Dataset content Start Marker

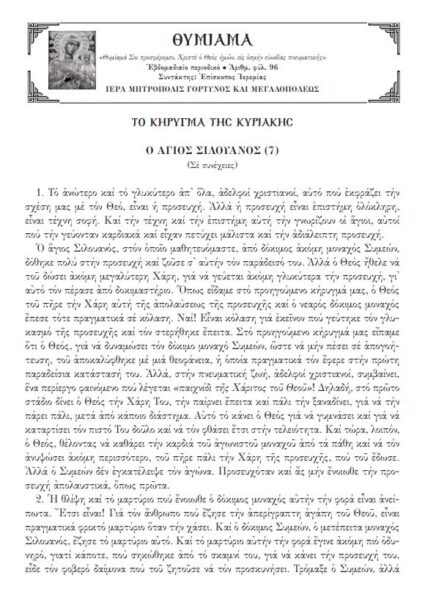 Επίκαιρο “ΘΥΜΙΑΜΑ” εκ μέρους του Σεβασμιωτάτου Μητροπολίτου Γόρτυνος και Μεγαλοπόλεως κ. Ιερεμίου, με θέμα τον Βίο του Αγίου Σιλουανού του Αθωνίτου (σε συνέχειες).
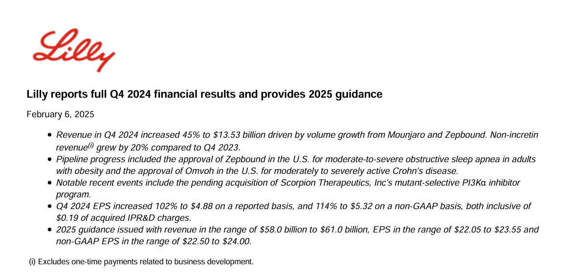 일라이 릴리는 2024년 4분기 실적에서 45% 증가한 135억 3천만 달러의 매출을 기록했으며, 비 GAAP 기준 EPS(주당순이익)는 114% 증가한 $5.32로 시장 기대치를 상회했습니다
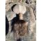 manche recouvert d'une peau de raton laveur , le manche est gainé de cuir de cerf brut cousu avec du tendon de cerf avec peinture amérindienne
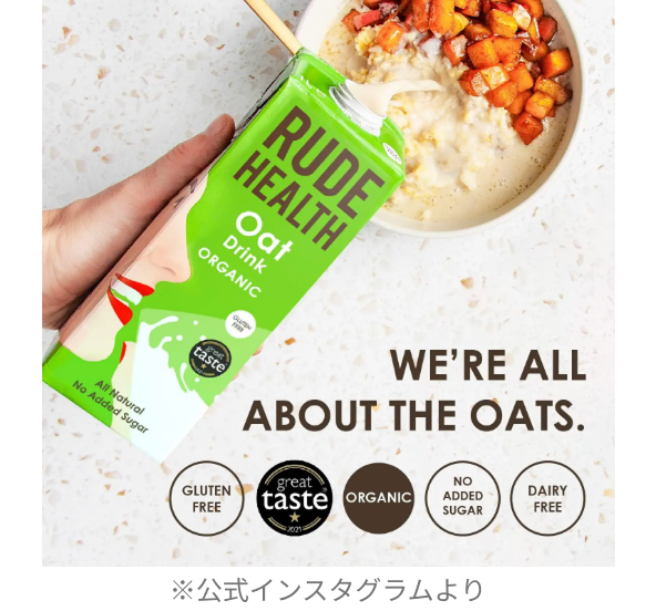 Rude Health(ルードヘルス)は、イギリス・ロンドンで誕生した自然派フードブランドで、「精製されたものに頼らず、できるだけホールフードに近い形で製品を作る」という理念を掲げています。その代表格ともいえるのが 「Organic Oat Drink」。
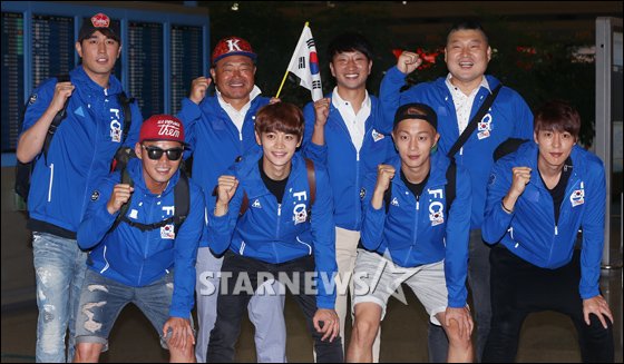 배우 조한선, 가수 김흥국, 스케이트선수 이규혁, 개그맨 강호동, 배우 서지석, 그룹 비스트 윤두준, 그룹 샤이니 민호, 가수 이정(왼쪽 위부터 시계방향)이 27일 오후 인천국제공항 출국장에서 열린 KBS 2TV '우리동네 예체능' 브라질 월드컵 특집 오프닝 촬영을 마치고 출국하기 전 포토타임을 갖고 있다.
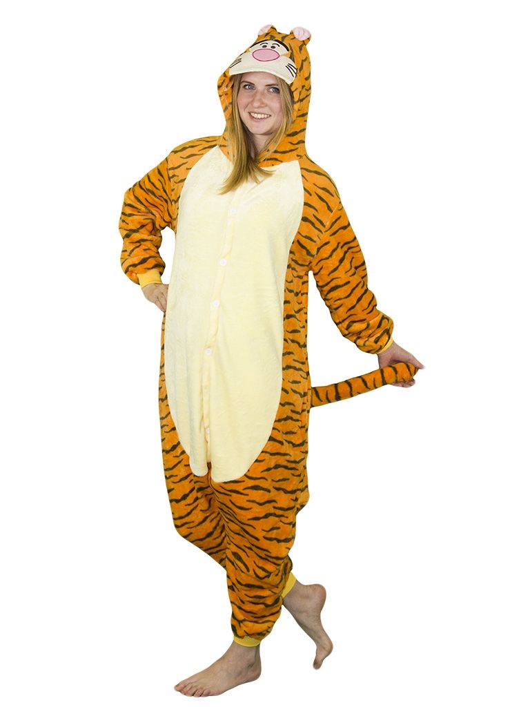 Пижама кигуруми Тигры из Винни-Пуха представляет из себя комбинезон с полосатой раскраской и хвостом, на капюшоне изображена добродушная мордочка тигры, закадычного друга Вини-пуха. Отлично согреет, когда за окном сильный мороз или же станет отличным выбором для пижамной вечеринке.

Dataset content End Marker

* Problem to work on: Could you reproduce the records above exactly, leaving out the pictures?

* Solution to the exercise:
 Επίκαιρο “ΘΥΜΙΑΜΑ” εκ μέρους του Σεβασμιωτάτου Μητροπολίτου Γόρτυνος και Μεγαλοπόλεως κ. Ιερεμίου, με θέμα τον Βίο του Αγίου Σιλουανού του Αθωνίτου (σε συνέχειες).
 일라이 릴리는 2024년 4분기 실적에서 45% 증가한 135억 3천만 달러의 매출을 기록했으며, 비 GAAP 기준 EPS(주당순이익)는 114% 증가한 $5.32로 시장 기대치를 상회했습니다
 manche recouvert d'une peau de raton laveur , le manche est gainé de cuir de cerf brut cousu avec du tendon de cerf avec peinture amérindienne
 Rude Health(ルードヘルス)は、イギリス・ロンドンで誕生した自然派フードブランドで、「精製されたものに頼らず、できるだけホールフードに近い形で製品を作る」という理念を掲げています。その代表格ともいえるのが 「Organic Oat Drink」。
 배우 조한선, 가수 김흥국, 스케이트선수 이규혁, 개그맨 강호동, 배우 서지석, 그룹 비스트 윤두준, 그룹 샤이니 민호, 가수 이정(왼쪽 위부터 시계방향)이 27일 오후 인천국제공항 출국장에서 열린 KBS 2TV '우리동네 예체능' 브라질 월드컵 특집 오프닝 촬영을 마치고 출국하기 전 포토타임을 갖고 있다.
 Пижама кигуруми Тигры из Винни-Пуха представляет из себя комбинезон с полосатой раскраской и хвостом, на капюшоне изображена добродушная мордочка тигры, закадычного друга Вини-пуха. Отлично согреет, когда за окном сильный мороз или же станет отличным выбором для пижамной вечеринке.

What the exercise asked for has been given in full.